Donald Sensing, citing a Cato Institute study, adds yet more evidence that government subsidies for sports stadia are economic boondoggles. He cites the case of Nashville.
But here’s, as Ross Perot would say, the beauty part: Houston wouldn’t provide Bud Adams a new stadium, so he up and moved to Nashville, which would. Since then, Houston has built a new stadium to attract an expansion franchise, the Texans. Likewise, Art Modell is considered to be just a shade better than Adolf Hitler for moving the former Browns to Baltimore as the Ravens because Cleveland wouldn’t buy him a new stadium. They promptly turned around and bought a new stadium for the Browns version 2.0. And Baltimore? They lost the Colts to Indianapolis–which may ba about to lose them again–only to spend money to lure someone else’s team a few years later. Ditto, St. Louis, which once had the Cardinals (now Arizona formerly Phoenix formerly St. Louis formerly Chicago), who paid to lure the Rams from L.A.

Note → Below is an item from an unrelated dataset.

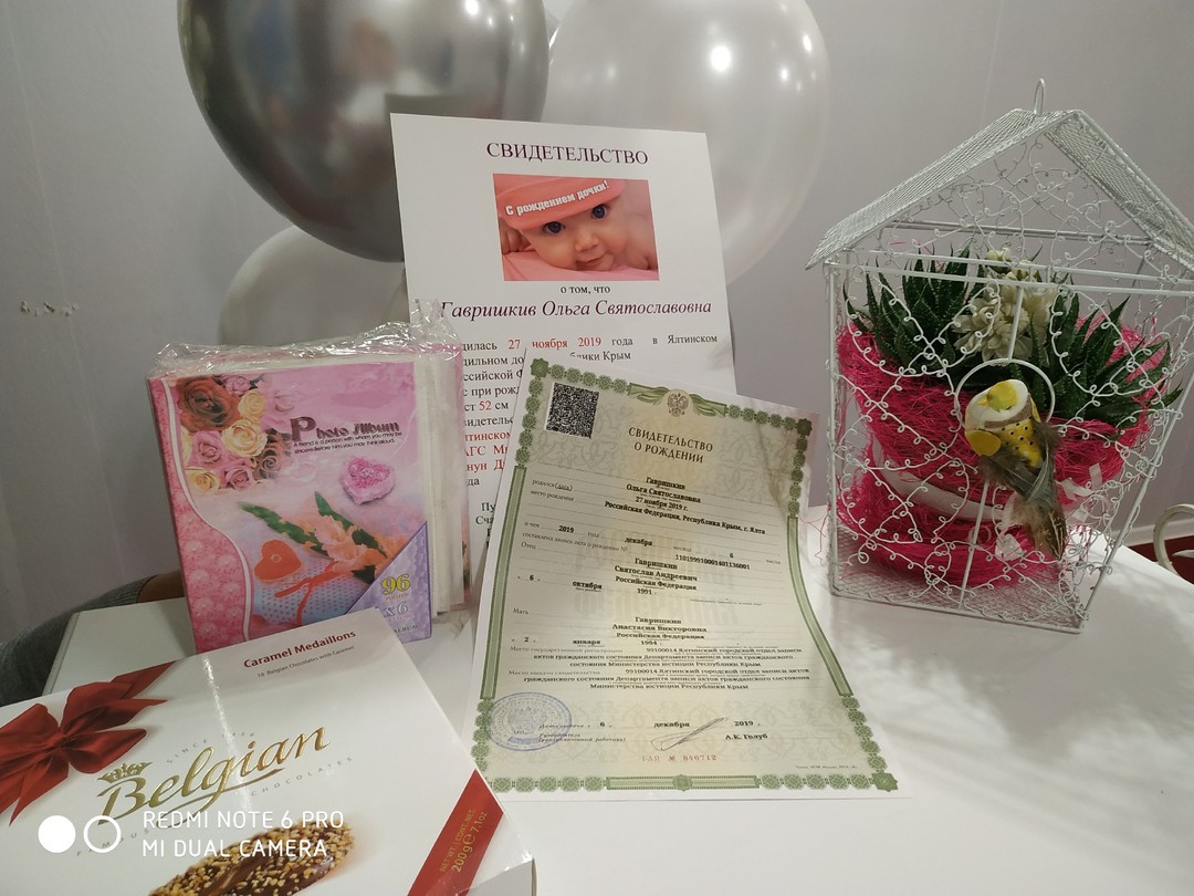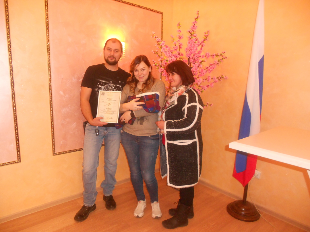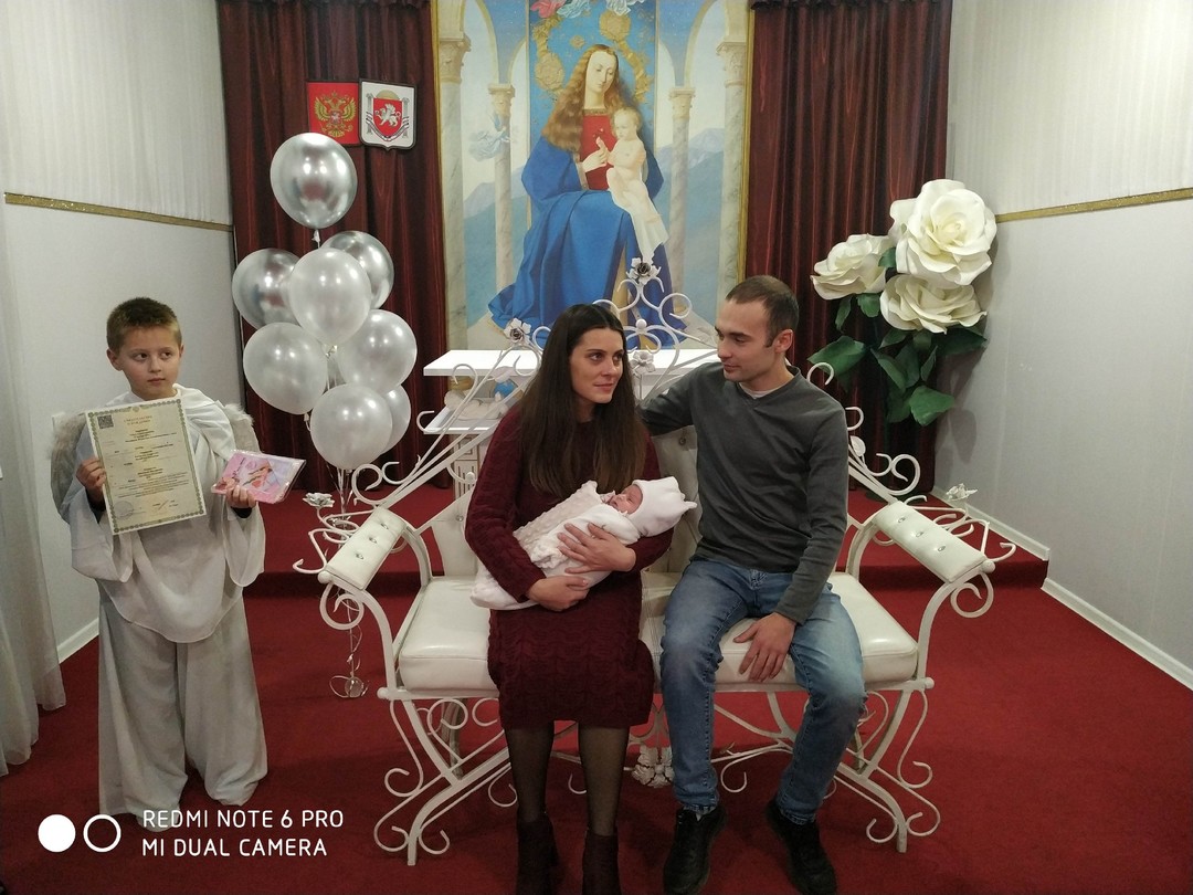 Отдел регистрации рождения города Симферополя в особой, торжественной обстановке вручил первый документ новорожденного Матвея его родителям Сергею и Кристине Журба.

Do all these cities really think it’s economically smart to do this? I can’t imagine so. But, apparently, there is some mystic value to having an NFL team that clouds the judgment. Ironically, one exception may be L.A. which lost both the Rams and Raiders in one offseason and appears not to be looking back. The NFL is desperate to move a struggling franchise there, but L.A. isn’t going to pony up the money for it.